• TASK DIRECTIONS
Set down a true copy of the data, with all pictures left out.

START STUDY MATERIAL

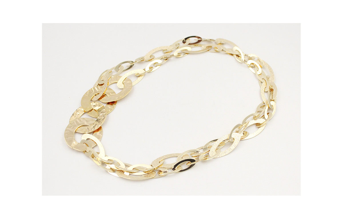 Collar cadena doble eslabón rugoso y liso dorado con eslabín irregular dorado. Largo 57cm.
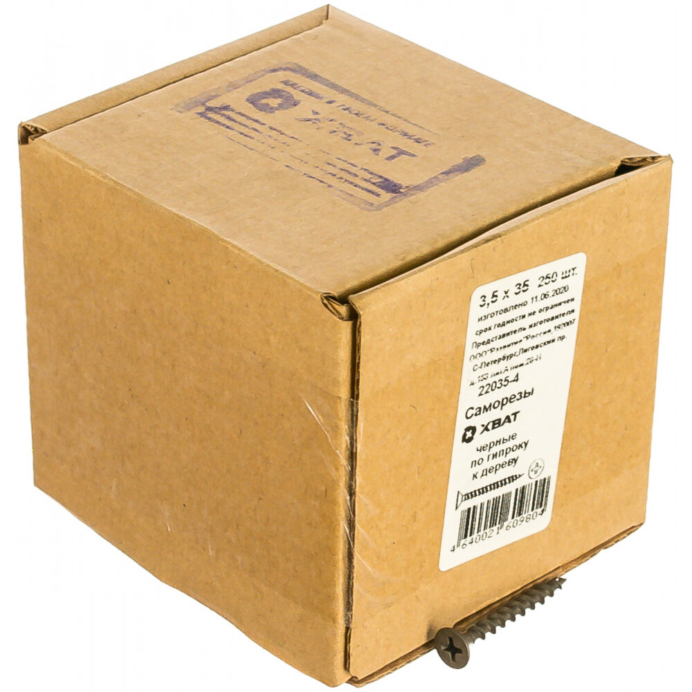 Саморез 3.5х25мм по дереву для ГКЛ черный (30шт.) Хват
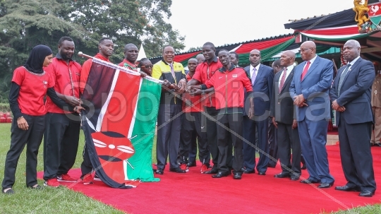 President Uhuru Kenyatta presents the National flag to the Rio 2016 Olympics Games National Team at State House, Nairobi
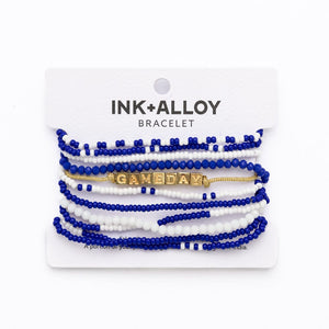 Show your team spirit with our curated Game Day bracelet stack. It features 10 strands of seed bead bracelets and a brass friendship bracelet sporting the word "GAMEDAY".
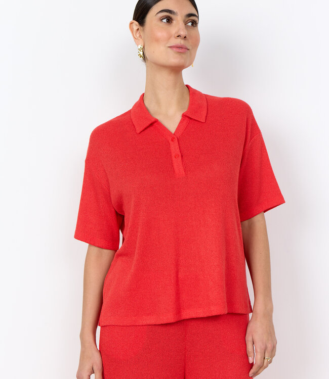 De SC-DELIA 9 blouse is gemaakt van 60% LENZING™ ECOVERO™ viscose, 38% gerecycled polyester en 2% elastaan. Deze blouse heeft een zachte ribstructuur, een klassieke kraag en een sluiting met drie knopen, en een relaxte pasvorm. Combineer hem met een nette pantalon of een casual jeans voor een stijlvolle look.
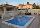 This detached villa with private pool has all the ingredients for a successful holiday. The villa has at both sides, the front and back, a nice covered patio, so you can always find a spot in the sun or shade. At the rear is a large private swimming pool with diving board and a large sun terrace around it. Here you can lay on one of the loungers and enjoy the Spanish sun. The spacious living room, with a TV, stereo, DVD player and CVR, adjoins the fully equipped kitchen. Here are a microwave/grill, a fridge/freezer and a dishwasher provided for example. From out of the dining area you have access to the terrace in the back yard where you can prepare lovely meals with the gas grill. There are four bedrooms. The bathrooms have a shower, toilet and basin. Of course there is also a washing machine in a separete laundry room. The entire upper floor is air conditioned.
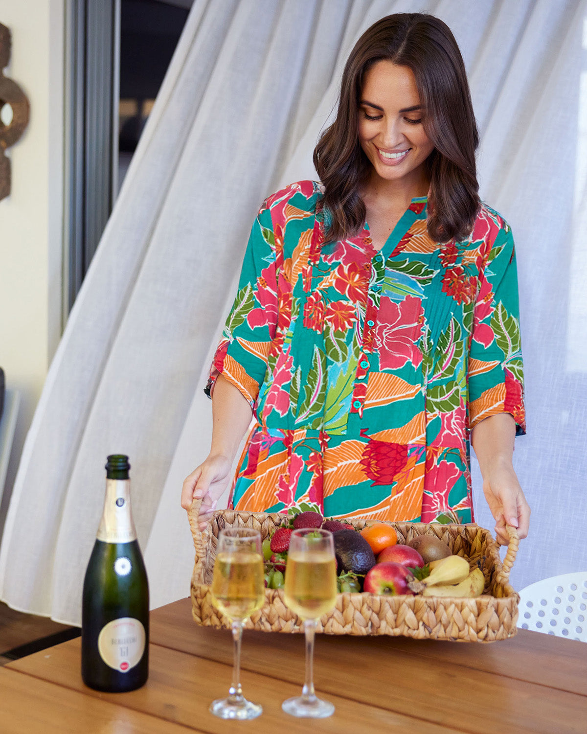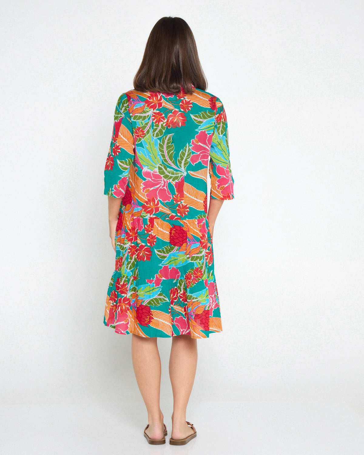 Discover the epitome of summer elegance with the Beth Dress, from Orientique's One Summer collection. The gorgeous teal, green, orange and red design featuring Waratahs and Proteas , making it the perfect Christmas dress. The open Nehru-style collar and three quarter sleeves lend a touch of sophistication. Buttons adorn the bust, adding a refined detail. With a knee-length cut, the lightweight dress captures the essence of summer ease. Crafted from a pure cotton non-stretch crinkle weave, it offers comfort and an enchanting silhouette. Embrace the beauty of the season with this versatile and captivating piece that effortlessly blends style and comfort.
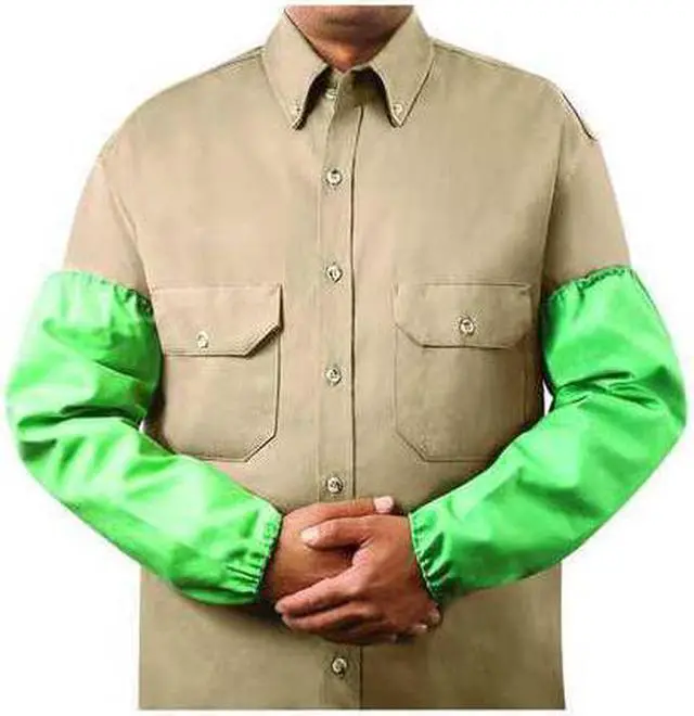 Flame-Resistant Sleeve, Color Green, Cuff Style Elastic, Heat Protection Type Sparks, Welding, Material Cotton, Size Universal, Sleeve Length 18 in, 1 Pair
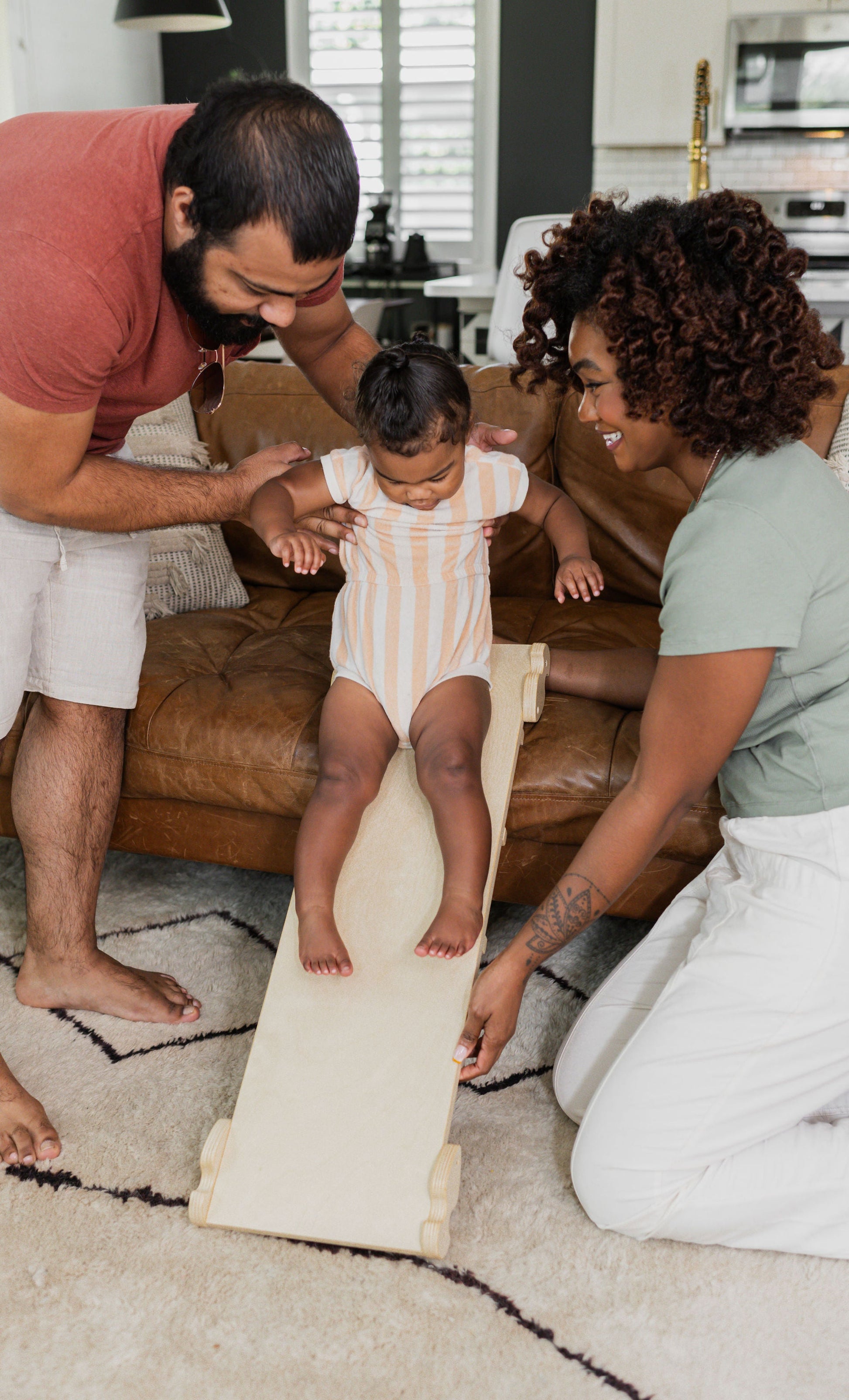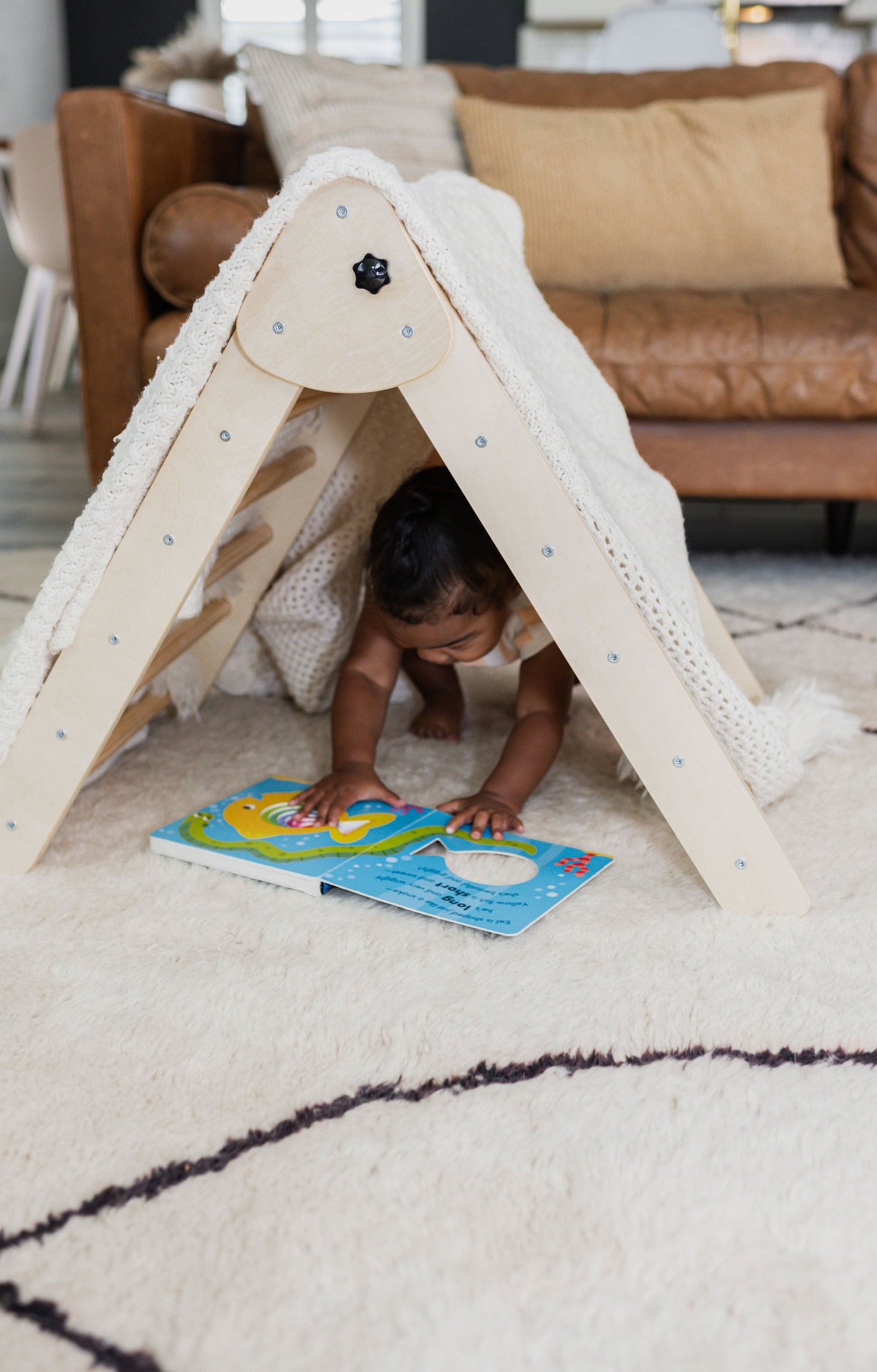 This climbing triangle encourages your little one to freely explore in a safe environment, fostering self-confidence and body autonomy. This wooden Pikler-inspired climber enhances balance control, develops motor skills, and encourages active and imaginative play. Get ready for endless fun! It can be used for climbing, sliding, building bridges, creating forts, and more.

END STUDY MATERIAL

• RESULT OF THIS TASK
 Collar cadena doble eslabón rugoso y liso dorado con eslabín irregular dorado. Largo 57cm.
 Саморез 3.5х25мм по дереву для ГКЛ черный (30шт.) Хват
 President Uhuru Kenyatta presents the National flag to the Rio 2016 Olympics Games National Team at State House, Nairobi
 Show your team spirit with our curated Game Day bracelet stack. It features 10 strands of seed bead bracelets and a brass friendship bracelet sporting the word "GAMEDAY".
 De SC-DELIA 9 blouse is gemaakt van 60% LENZING™ ECOVERO™ viscose, 38% gerecycled polyester en 2% elastaan. Deze blouse heeft een zachte ribstructuur, een klassieke kraag en een sluiting met drie knopen, en een relaxte pasvorm. Combineer hem met een nette pantalon of een casual jeans voor een stijlvolle look.
 This detached villa with private pool has all the ingredients for a successful holiday. The villa has at both sides, the front and back, a nice covered patio, so you can always find a spot in the sun or shade. At the rear is a large private swimming pool with diving board and a large sun terrace around it. Here you can lay on one of the loungers and enjoy the Spanish sun. The spacious living room, with a TV, stereo, DVD player and CVR, adjoins the fully equipped kitchen. Here are a microwave/grill, a fridge/freezer and a dishwasher provided for example. From out of the dining area you have access to the terrace in the back yard where you can prepare lovely meals with the gas grill. There are four bedrooms. The bathrooms have a shower, toilet and basin. Of course there is also a washing machine in a separete laundry room. The entire upper floor is air conditioned.
 Discover the epitome of summer elegance with the Beth Dress, from Orientique's One Summer collection. The gorgeous teal, green, orange and red design featuring Waratahs and Proteas , making it the perfect Christmas dress. The open Nehru-style collar and three quarter sleeves lend a touch of sophistication. Buttons adorn the bust, adding a refined detail. With a knee-length cut, the lightweight dress captures the essence of summer ease. Crafted from a pure cotton non-stretch crinkle weave, it offers comfort and an enchanting silhouette. Embrace the beauty of the season with this versatile and captivating piece that effortlessly blends style and comfort.
 Flame-Resistant Sleeve, Color Green, Cuff Style Elastic, Heat Protection Type Sparks, Welding, Material Cotton, Size Universal, Sleeve Length 18 in, 1 Pair
 This climbing triangle encourages your little one to freely explore in a safe environment, fostering self-confidence and body autonomy. This wooden Pikler-inspired climber enhances balance control, develops motor skills, and encourages active and imaginative play. Get ready for endless fun! It can be used for climbing, sliding, building bridges, creating forts, and more.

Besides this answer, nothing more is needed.